*Problem to work on*: Return the listing exactly. Keep no pictures.
BEGIN Exercise data
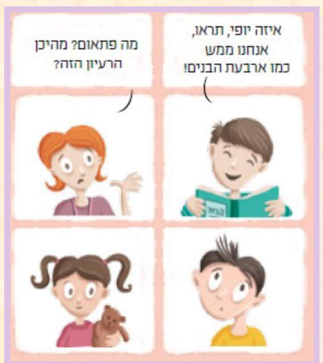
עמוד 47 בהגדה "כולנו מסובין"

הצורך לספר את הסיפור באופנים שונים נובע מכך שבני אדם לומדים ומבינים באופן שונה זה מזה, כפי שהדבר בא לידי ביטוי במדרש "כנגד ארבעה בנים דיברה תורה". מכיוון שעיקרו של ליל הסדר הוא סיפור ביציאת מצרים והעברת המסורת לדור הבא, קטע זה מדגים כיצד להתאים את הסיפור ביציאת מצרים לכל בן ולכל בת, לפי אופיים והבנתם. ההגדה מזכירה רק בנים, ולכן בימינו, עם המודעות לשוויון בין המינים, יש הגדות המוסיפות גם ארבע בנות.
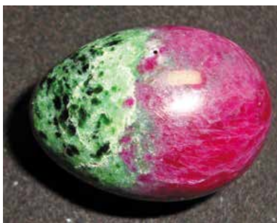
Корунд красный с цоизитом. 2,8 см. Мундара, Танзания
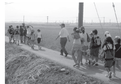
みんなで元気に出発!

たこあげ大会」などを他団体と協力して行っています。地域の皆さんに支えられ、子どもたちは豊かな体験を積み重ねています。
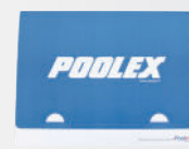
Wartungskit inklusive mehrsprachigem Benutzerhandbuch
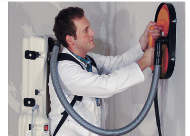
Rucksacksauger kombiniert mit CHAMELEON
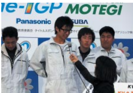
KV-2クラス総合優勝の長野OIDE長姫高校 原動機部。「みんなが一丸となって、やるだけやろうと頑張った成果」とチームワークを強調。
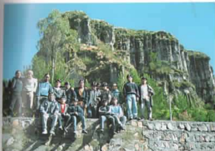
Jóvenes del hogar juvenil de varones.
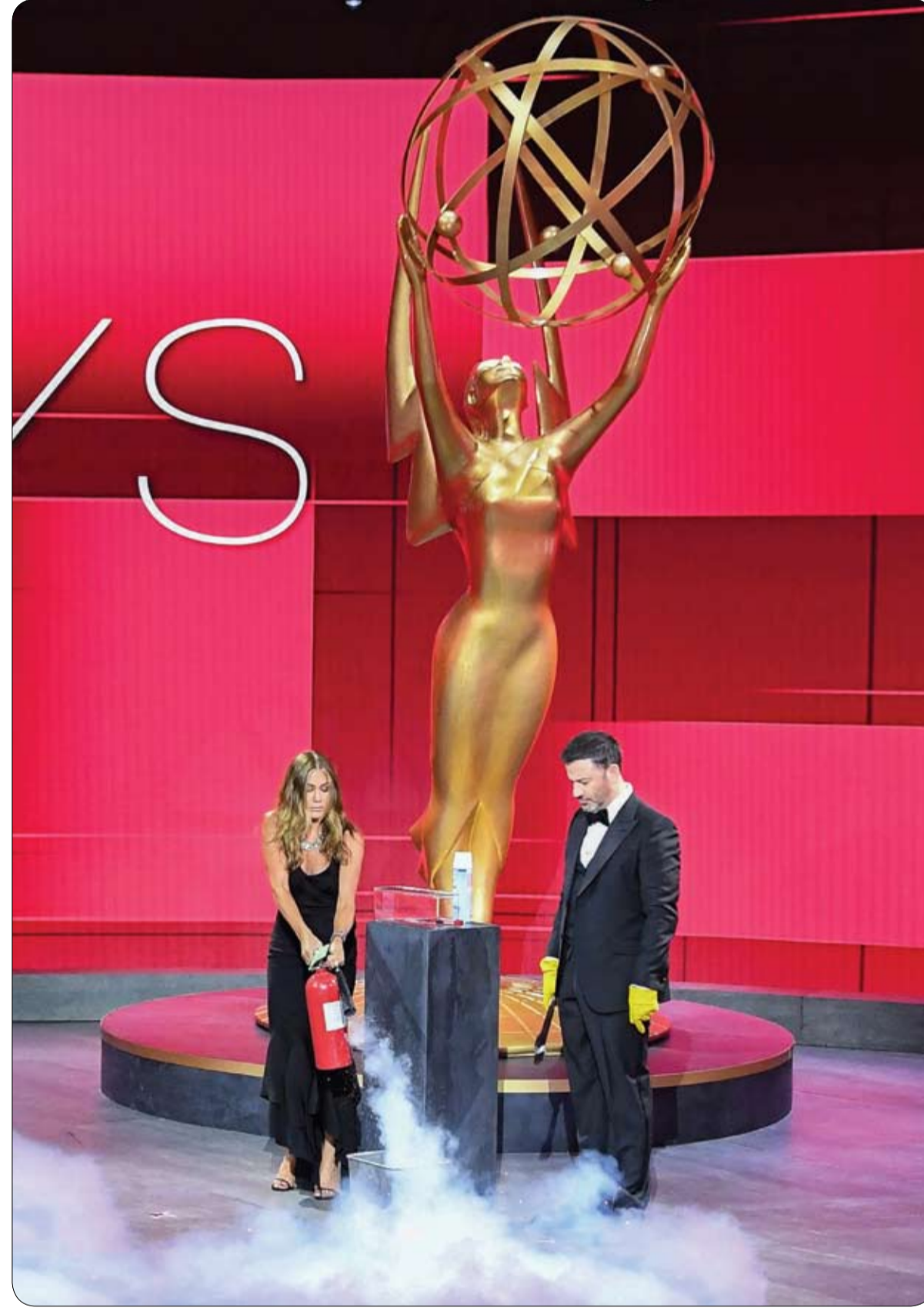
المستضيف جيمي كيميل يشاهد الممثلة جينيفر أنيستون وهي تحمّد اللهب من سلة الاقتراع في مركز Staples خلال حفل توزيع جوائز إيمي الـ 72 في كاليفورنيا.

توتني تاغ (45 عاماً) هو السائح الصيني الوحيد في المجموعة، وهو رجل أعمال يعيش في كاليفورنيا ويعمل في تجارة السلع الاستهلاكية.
END Exercise data
*Reply to the exercise*:
עמוד 47 בהגדה "כולנו מסובין"

הצורך לספר את הסיפור באופנים שונים נובע מכך שבני אדם לומדים ומבינים באופן שונה זה מזה, כפי שהדבר בא לידי ביטוי במדרש "כנגד ארבעה בנים דיברה תורה". מכיוון שעיקרו של ליל הסדר הוא סיפור ביציאת מצרים והעברת המסורת לדור הבא, קטע זה מדגים כיצד להתאים את הסיפור ביציאת מצרים לכל בן ולכל בת, לפי אופיים והבנתם. ההגדה מזכירה רק בנים, ולכן בימינו, עם המודעות לשוויון בין המינים, יש הגדות המוסיפות גם ארבע בנות.
Корунд красный с цоизитом. 2,8 см. Мундара, Танзания
みんなで元気に出発!

たこあげ大会」などを他団体と協力して行っています。地域の皆さんに支えられ、子どもたちは豊かな体験を積み重ねています。
Wartungskit inklusive mehrsprachigem Benutzerhandbuch
Rucksacksauger kombiniert mit CHAMELEON
KV-2クラス総合優勝の長野OIDE長姫高校 原動機部。「みんなが一丸となって、やるだけやろうと頑張った成果」とチームワークを強調。
Jóvenes del hogar juvenil de varones.
المستضيف جيمي كيميل يشاهد الممثلة جينيفر أنيستون وهي تحمّد اللهب من سلة الاقتراع في مركز Staples خلال حفل توزيع جوائز إيمي الـ 72 في كاليفورنيا.

توتني تاغ (45 عاماً) هو السائح الصيني الوحيد في المجموعة، وهو رجل أعمال يعيش في كاليفورنيا ويعمل في تجارة السلع الاستهلاكية.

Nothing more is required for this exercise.